I have theory after theory of why I sometimes get sad, why I’m just a dick sometimes…and why I can’t just be consistently happy.  Well.  I was listening to a podcast the other day and it talked about change.  It said something like: the more alive something is, the more it changes.  Well, apparently, I’m no vampire because I change life fucking crazy.

 I haven’t felt connected in some time.  And those of you who have experienced a certain kind of sadness know, sometimes it’s really damn scary to not be connected.  So I went to dinner last week with one of my favorite friends.  We chatted and bowled and drank some beers and had a really wonderful time.  And the next day, I went out with another friend and we went to all of the old queer places that we used to hang out at. It was a blast.

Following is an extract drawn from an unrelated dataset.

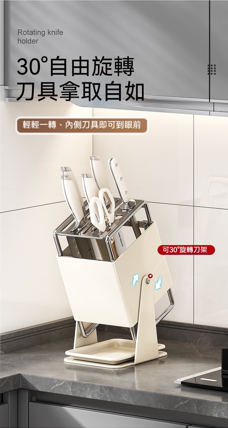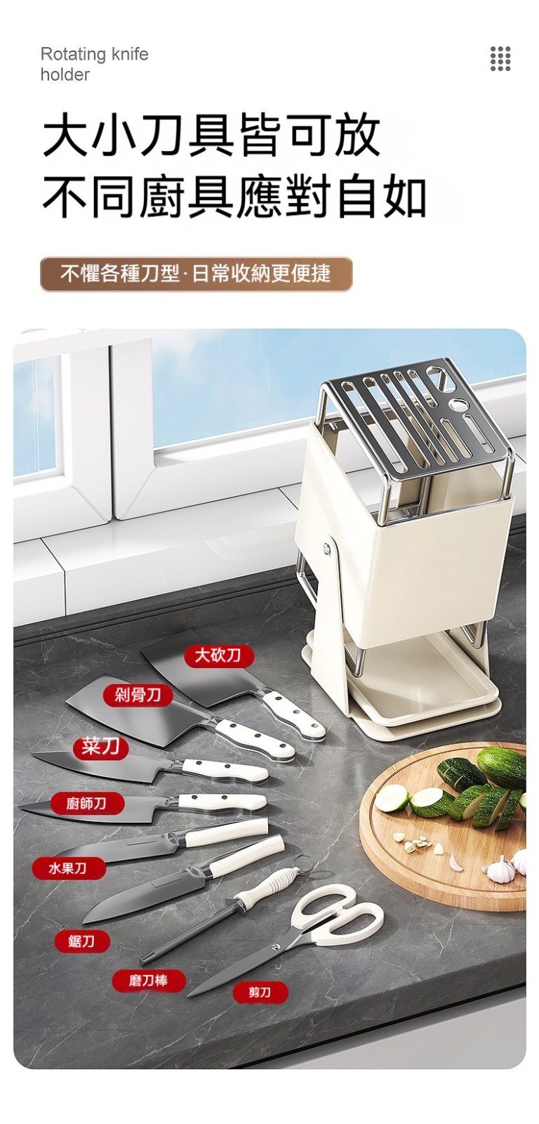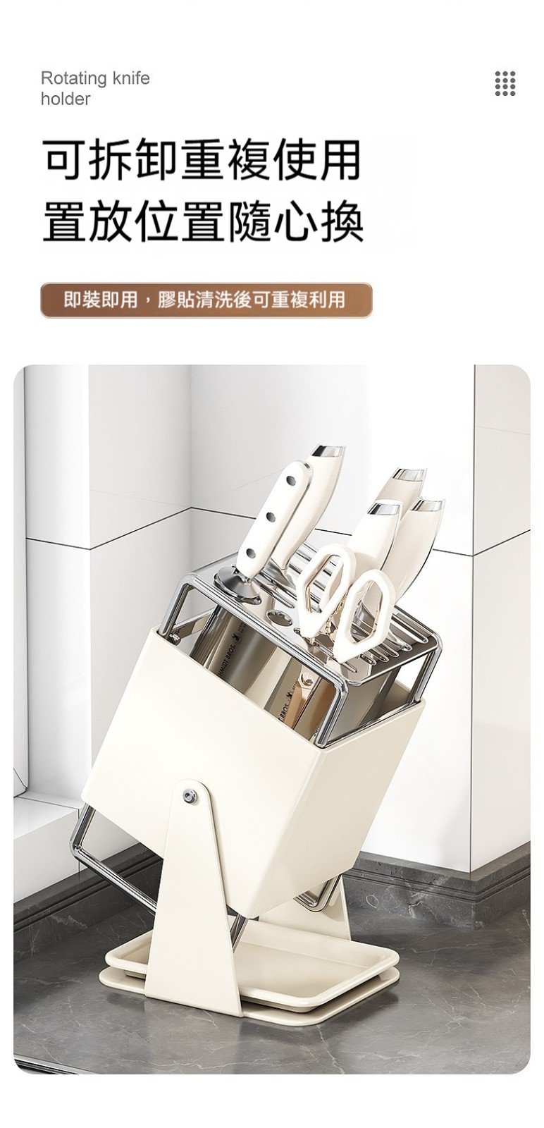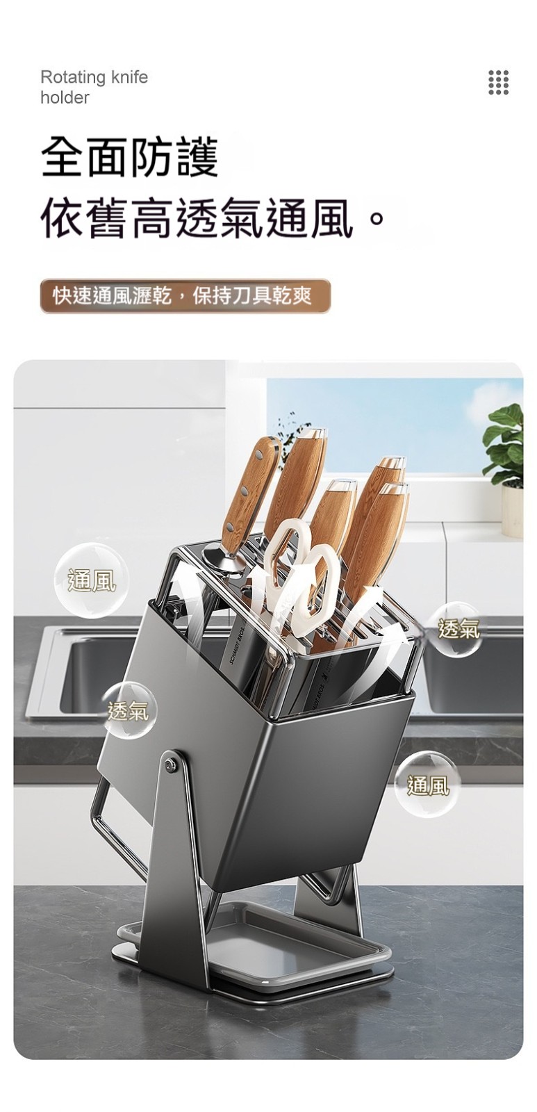 【日式廚房旋轉刀架】透氣瀝水、安全防割完美整合!不鏽鋼一體成型、磁吸分區收納、可移膠貼底座,重新定義刀具收納的安全美學✨

I feel so lucky that, even when I don’t feel connected, I have these connections.  It’s so hard to remember that.  I’ve been so busy and secluded lately that I expect all of my friends to not be there when I come back.  But, the amazing thing is that the real ones…they’re still there.

Right now, I’m trying hard to accept change, to keep this heart open and to let things happen…to be the good person that I know I am (well….and still a douche.)  I’ve been so closed off lately – it’s time, you douchey little heart, open the fuck up!

I went out to some gay bars the other night, and every bar we went to, we saw a person who turned and walked away every time she saw us.  Someone who used to be a friend.  THIS, I don’t understand.  Life is toooooooo short to have those kind of restrictions based on asshole-ness.

So I’ve been hanging out with my parents a lot more.  I’ve been reconnecting with my queer friends.  I’ve been reconnecting with most of my friends. 

I drank some beers and had a pretty good convo with my mom last night.  She told me she doesn’t think that I’m actually queer.  We talked about gender.  She was surprisingly pretty open to what I had to say.  And then she told me that I’m getting old and that I need to find someone and settle down.  And I got that awkward, very rare (for me) and intense fear of being alone for the rest of my life.

Now, I don’t normally get worried about this, and luckily, today I got over it pretty quick.  I never really planned on being in a relationship for the rest of my life, I always felt like I was meant for something bigger.   I feel so lucky for the relationships and loves that I’ve had.

And, so, I’m happy.  I accept myself.  I accept my life the way it is.  And I’m ready to move to those wonderful things that I’m meant for.

So.  There you have it.  Another rambling post, full of…well, open-heartedness.